Wireless surveillance systems using internet of things (IoT) architecture have been developed to conserve more bandwidth and storage by using several methods, such as limiting frames per second on the camera nodes when there are no active movements in observation. However, a more appropriate surveillance IoT platform is needed to accommodate the camera nodes with bandwidth-efficient algorithms.
This thesis proposes an IoT platform for image storage system using software as a service (SaaS) model. A wireless surveillance system with IoT architecture is more efficient in using storage and uses less bandwidth than a conventional surveillance system. This thesis aims to accommodate the specifications for such IoT platform by using the SaaS model. The IoT platform, in the form of a Flask web application framework and MongoDB database server, uses a virtual machine (VM) in a public cloud service to connect to the camera nodes and to store the transmitted images. To fulfill the SaaS model, customized web services and lightweight web-based client applications are developed to manage the camera nodes and display the stored images.
This thesis proposes an experiment using real-time transmission of sample images sent from a simulated camera node to the IoT platform through a public network. During the experiment, the quality of service of the IoT platform is measured and analyzed using TShark and Free Monitoring by MongoDB to determine whether the IoT platform meets the requirements for an image storage system with SaaS model that can be used for a wireless surveillance system.

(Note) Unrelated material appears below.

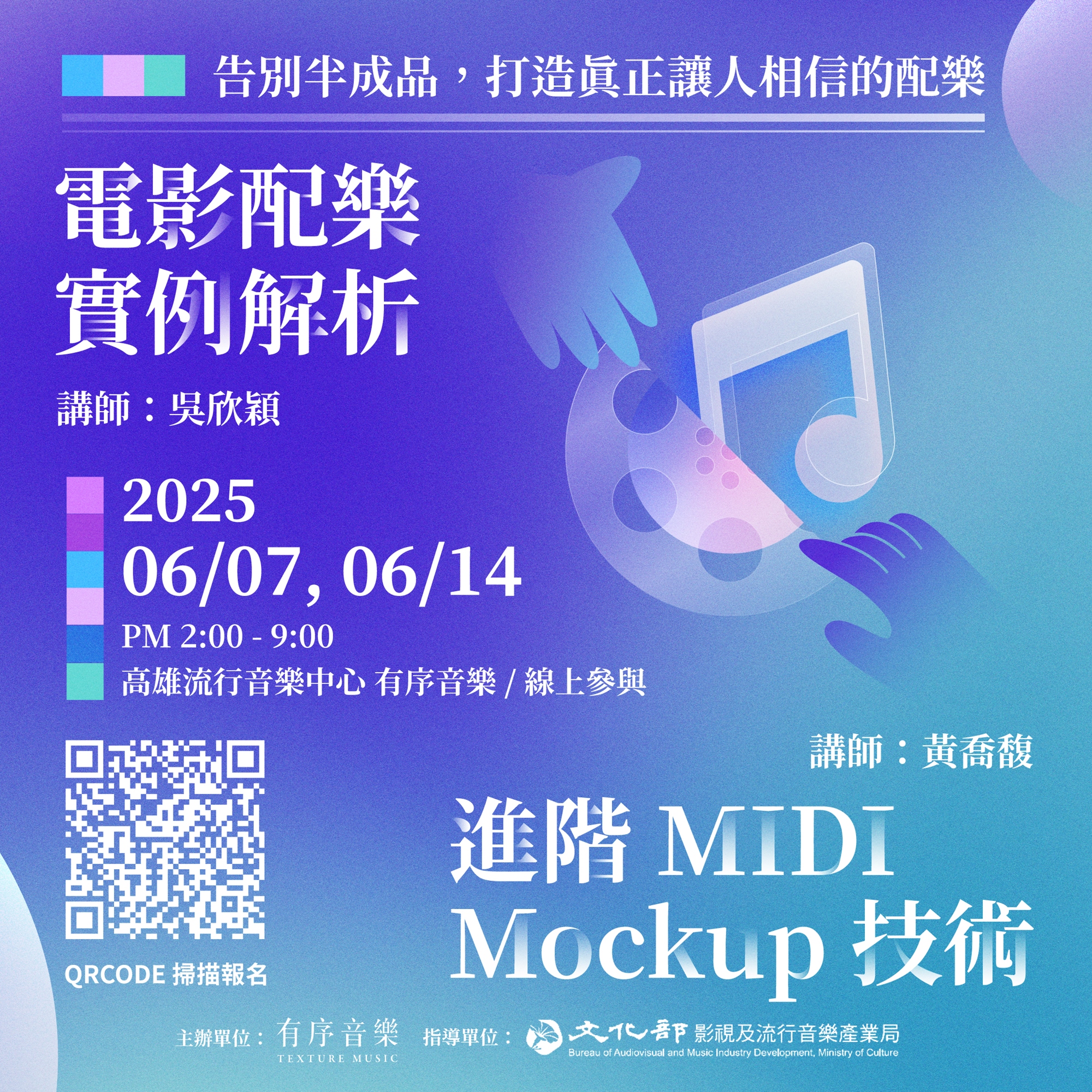 涵蓋配樂合作流程、導演與配樂的溝通美學、音樂與音效的緊密搭配、進階MIDI Mockup實作等全方位扎實必備能力進修內容。

The proposed IoT platform is able to provide an average delay of 435.3 milliseconds with no packet loss and an average rate of insert and read operations performed of 2.83 operations per second and 2.26 operations per second respectively. Furthermore, the CPU usage of the VM is below 2.5% and the memory usage is below 39% during the experiment.
Keywords: Wireless Surveillance System, IoT Platform, SaaS, Flask, MongoDB.